Programming in Assembler for x64

In this section, we will show some examples of programs written purely in assembler or in connection with other programming languages, including C++ and C#. We assume that the reader is familiar with the coursebook, instructions and directives used to write the assembler programs. We will describe the use of the integrated development environment (Visual Studio) and methods to assemble programs with the command line only.We will also show how to create the static and dynamic library written in assembler for use in assembler or in other compilers.

Introduction to the x64 Assembler programming in MASM - Microsoft Visual Studio Community Edition

In the following chapter, we explain how to write, assemble, link, and execute assembly-language programs for x64 processors. We assume that the reader is familiar with the most important processor instructions and MASM directives.

To write a program in assembler, it is convenient to use a Visual Studio IDE: either commercial or free (Community Edition). The following section presents the installation of Visual Studio Community Edition on Windows.

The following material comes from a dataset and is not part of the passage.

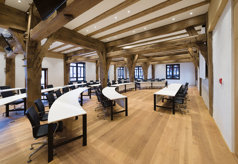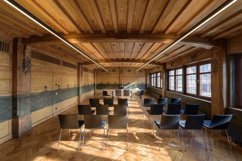 Kompletter Rückbau der während früherer Umbaumaßnahmen eingebauten, nicht historischen Sekundärtragwerke (wie z.B. Stahlabfangungen, Stahlbetondecken) und Reaktivierung des Tragwerks mit seinen historischen Tragelemente zur Lastabtragung. Dabei Sanierung von Teilen der Holzkonstruktion, insbesondere an den Stützen im Erdgeschoss.
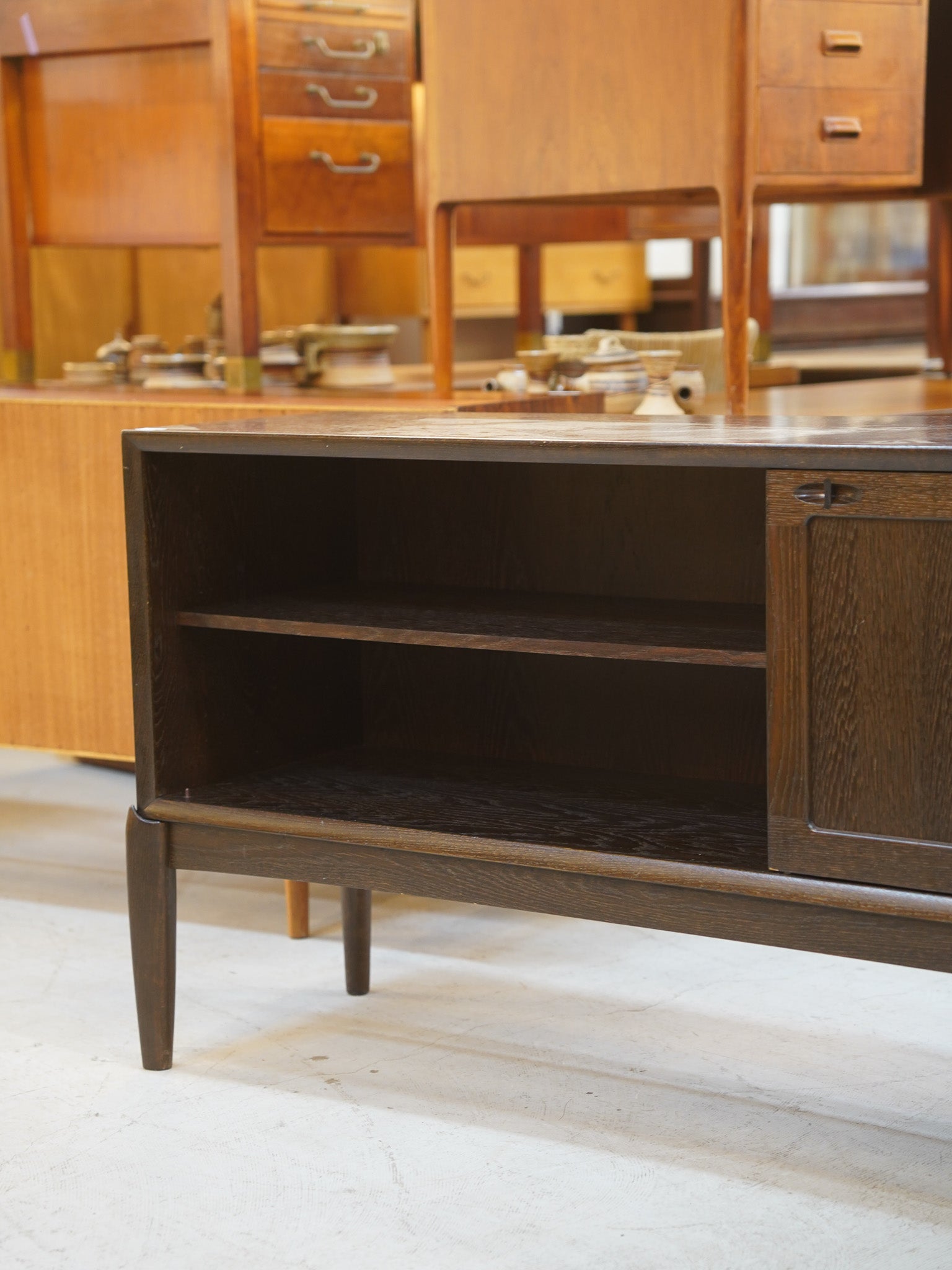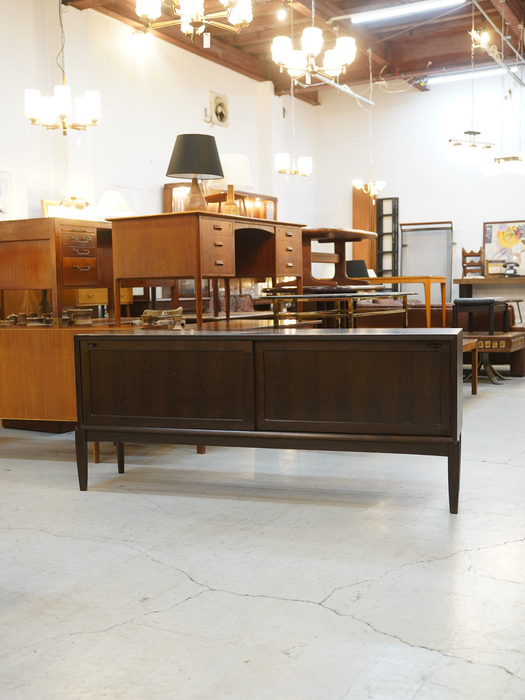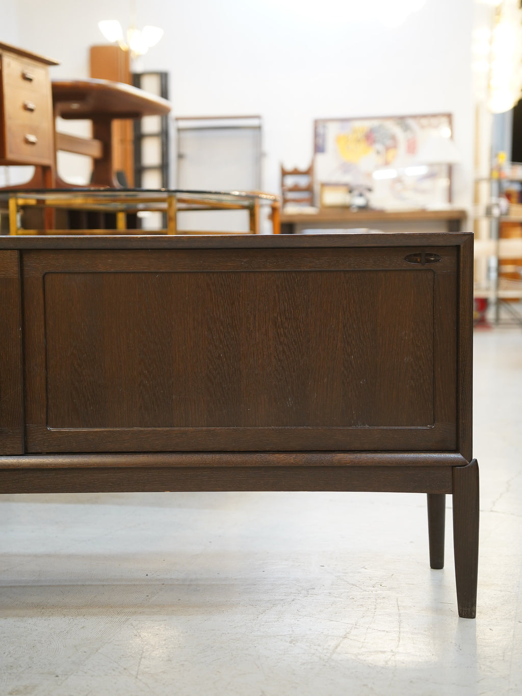 落ち着いたダークトーンのウッド素材が、空間に深い静寂と気品をもたらします。左右の引き戸には、木材を彫り込んで作られた円形の手掛けが施され、内部にはグリーンのフェルトが敷かれた小引き出しを備えるなど、細部にまで機能美が宿っています。横幅のあるロングプロポーションながら、足元に向かってスッと細くなるテーパードレッグにより、圧迫感を与えずリビングに軽やかな印象を与えます。

Visual Studio Community, Professional, and Enterprise are other products than Visual Studio Code. Here, we do not use Visual Studio Code!

Installing VS Community

Installation requires the following simple steps:

Download installer executable from: https://visualstudio.microsoft.com/free-developer-offers/ - Mind to choose Community Edition (purple), not Code (blue)! as in figure 1.
Run the installer, let it download and install.
Configure components - a minimal set of development platforms for our laboratory exercises requires:
1. full install of C++ development platform in native code for Windows (remember to click additional components as in the figure 2),
2. default install of the C# development platform in managed code for Windows.

Figure 1: caption

This scenario concerns the implementation of a command-line Windows x64 application written in pure Assembler. Assembling, debugging, disassembly window, register view, memory view - data section,

[piotr] TO BE DONE

Standalone assembly

It is possible to use command-line MASM tools to assemble, link, and create libraries written in assembly language. You can use any editor to create the assembler source code and translate it into machine code. The tools required are integral elements of the Visual Studio Community installation, installed with the option “Desktop development with C++”. For the default VS installation, you can find them in the following folder (it can change due to different version numbers).

C:\Program Files\Microsoft Visual Studio\18\Community\VS\Tools\MSVC\14.50.35717\bin\Hostx64\x64

To use statically included Windows libraries, you need lib files. The essential library is kernel32.lib, but for other Windows functions, you will also need some additional libraries. All are available in the following folder (it can change due to different version numbers).

C:\Program FIles (x86)\Windows Kits\10\Lib\10.0.26100.0\um\x64

For assembling the source file, the ML64.exe program is used. This program has many options, which you can see executing:

ML64.exe /?

After assembling, ML64 can call the linker automatically. An exemplary MASM execution command to assemble and link the file named source.asm can look like this:

ml64 /Fl /Zi /Zd source.asm /link /entry:main

The options used explanation:

/Fl - generate listing file. MASM will output the source.lst file with the report on the assembling process.
/Zi - add symbolic debug info. MASM will add to the object file names of symbols defined in the program. It will allow debuggers to name user-defined symbols during debugging.
/Zd - add line number debug info. MASM will add to the object file source code line numbers.
/link - MASM will call the linker.
/entry:main - option for the linker, which informs about the entry point of the program.

If you prefer another name than “main” as the entry point for your console program, you will need to specify the type of the system for the resulting code. For a console application, you need to add /SUBSYSTEM:CONSOLE.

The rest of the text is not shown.